Elsevier Sponsored Documents logoLink to Elsevier Sponsored Documents
. 2014 Aug;10:45–50. doi: 10.1016/j.ajp.2014.03.010

Clinical correlates of parametric digit-symbol substitution test in schizophrenia

Anekal C Amaresha a,b, Vijay Danivas a,b, Venkataram Shivakumar a,b, Sri Mahavir Agarwal a,b, Sunil V Kalmady a,b, Janardhanan C Narayanaswamy a,b, Ganesan Venkatasubramanian a,b,
PMCID: PMC4156309  PMID: 25042951

Abstract

Processing speed deficit, ascertained by digit-symbol substitution test (DSST), is considered as a fundamental impairment in schizophrenia. Clinical correlates of processing speed abnormalities, especially using the parametric version of DSST is yet to be evaluated comprehensively. In this study, we examined schizophrenia patients (N = 66) and demographically matched healthy controls (N = 72) using computer-administered parametric DSST (pDSST) with fixed (pDSSTF) as well as random (pDSSTR) conditions and analysed the relationship between pDSST performance and clinical symptoms. Psychopathology was assessed using Scale for Assessment of Positive Symptoms (SAPS)/Negative Symptoms (SANS) with good inter-rater reliability. In comparison with healthy controls, patients demonstrated significantly lesser number of correct responses (CN) in pDSSTF (t = 8.0; p < 0.001) and pDSSTR (t = 7.8; p < 0.001) as well as significantly prolonged reaction time in pDSSTF (t = 7.1; p < 0.001) and pDSSTR (t = 7.0; p < 0.001). The difference in CN between pDSSTF and pDSSTRCN] was significantly lesser in patients than healthy controls (t = 2.61; p = 0.01). The pDSST reaction time had significant positive correlation with negative syndrome scores as well as bizarre behaviour score. Significantly greater processing speed deficits in pDSST suggest potential relational memory/visual scanning abnormalities in schizophrenia. Furthermore, pDSST deficits demonstrated a significant association with the psychopathology, especially with the various negative symptoms and bizarre behaviour.
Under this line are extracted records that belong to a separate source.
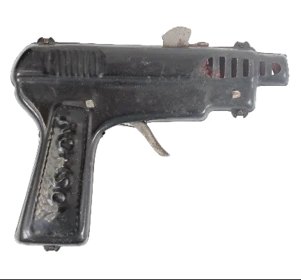 This antique 4-1/2" black metal gun uses replaceable flints to create sparks when the trigger is pulled.
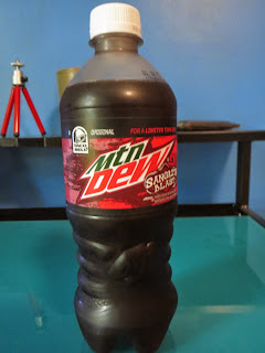 Of course, Dewshine ain't the only Dew spin-off on store shelves this summer. Pictured above is the all-new (but technically, not really) Mountain Dew Sangarita Blast, which has been a Taco Bell in-house exclusive up until now. For those of you unfamiliar with the beverage, it's basically the same thing as the beloved Baja Blast Dew variation, although with a slight  pinch of cranberry. Or a really, really overpowering cherry. Or maybe even strawberry. You know, there might even be some apple in there, too -- the important thing to take away here is that it tastes a lot thicker and more bitter than just about anything else with the words "Mountain Dew" plastered on it, and if that sounds like your kind of drink, by golly, buy this shit by the truckload.
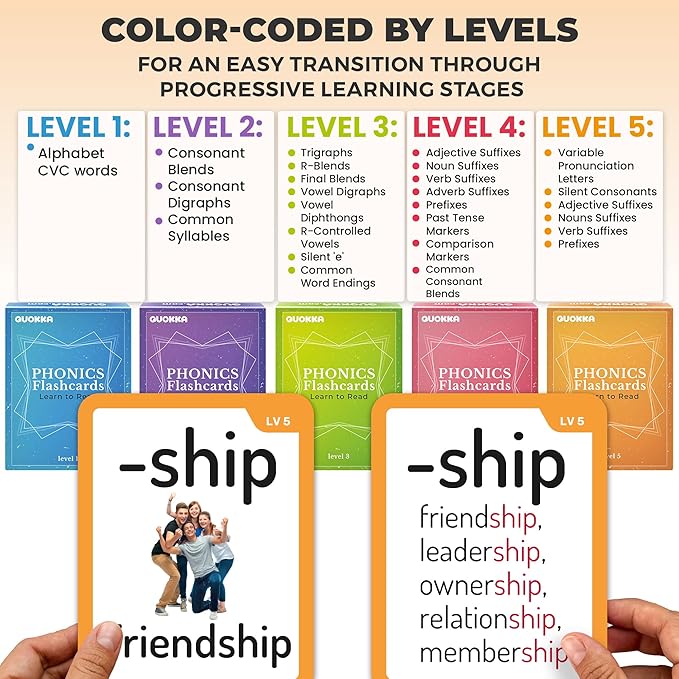 - JUMBO SIZED CARDS WITH PICTURES: Cards measure 4.5x3.5 inches, featuring vibrant illustrations for better engagement; color-coded by level for easy progression; ideal for reading tools for kids ages 6-8 and phonics games for kids ages 3-5
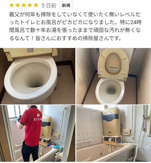 評価★★★★★ 義父が何年も掃除をしていなくて使いたく無いレベルだったトイレとお風呂がピカピカになりました。 特に24時間風呂で数十年お湯を張ったままで頑固な汚れが無くなるなんて! ...
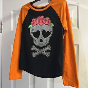 Celebrate Halloween Glitter Skull w/ Cross Bones and Roses Baseball Shirt- 7/8
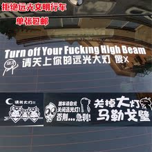 文字卡通搞笑 文明开车 关闭远光灯 关大灯 车贴 反光贴 汽车贴纸

Keywords: Schizophrenia, Processing speed, Cognitive deficits, Negative symptoms

1. Introduction

Schizophrenia is a psychiatric disorder associated with marked disability. The predominant symptoms of this disorder can be categorised as positive symptoms like delusions and hallucinations, and negative symptoms like affective flattening, anhedonia, alogia and apathy (Mueser and McGurk, 2004). In addition, cognitive symptoms are increasingly being recognised as an integral part of the illness with a close link to the pathophysiological aspects of this illness (Harvey, 2012). Cognitive deficits in schizophrenia have been associated with disorganisation and negative symptoms (Cohen et al., 1999, Green et al., 2000, Kerns and Berenbaum, 2002) as well as with poor functional outcomes (Green, 1996, Green, 1998, Weinberger and Gallhofer, 1997). Deficits in terms of attention, processing speed, memory, working memory, and executive function have all been consistently reported in patients with schizophrenia (Reichenberg and Harvey, 2007).

Recent meta-analyses of specific cognitive domains in schizophrenia have demonstrated that processing speed deficit as a fundamental impairment in this disorder (Dickinson et al., 2007, Henry and Crawford, 2005). Processing speed, which reflects the speed with which different cognitive operations can be executed (Dickinson et al., 2007), is usually quantified by the measuring the number of successful completion of trials of a simple task by a subject over a brief time period. A classical task that is used to assess processing speed is the Digit Symbol Substitution Test (DSST); in this task, the subject is instructed to utilise information from digit-symbol pairing to deduce the key for symbols associated with a digit series over a specific time (Dickinson et al., 2007). Various cognitive components that are tested in this task comprise of scanning, matching, switching, and writing operations that are reflective of several higher cognitive functions like perception, encoding and retrieval processes, transformation of information stored in active memory and decision making (Salthouse, 1996).

In schizophrenia, processing speed as measured by the digit symbol substitution task is considered to be a critically impaired cognitive ability (Dickinson et al., 2007, Henry and Crawford, 2005, Knowles et al., 2010). This aspect is further underscored by the demonstrated relationship of processing speed to the illness risk in schizophrenia (Glahn et al., 2007, Niendam et al., 2003, Reichenberg et al., 2010), severity of illness (Dickinson et al., 2007) and the disability due to the illness (Brekke et al., 2007). Moreover, the processing speed, as examined by a digit symbol coding task, was shown to be severely affected in even in first-episode psychosis (Gonzalez-Blanch et al., 2007). Also, deficits in processing speed might mediate a wide range of other cognitive deficits (Rodriguez-Sanchez et al., 2007).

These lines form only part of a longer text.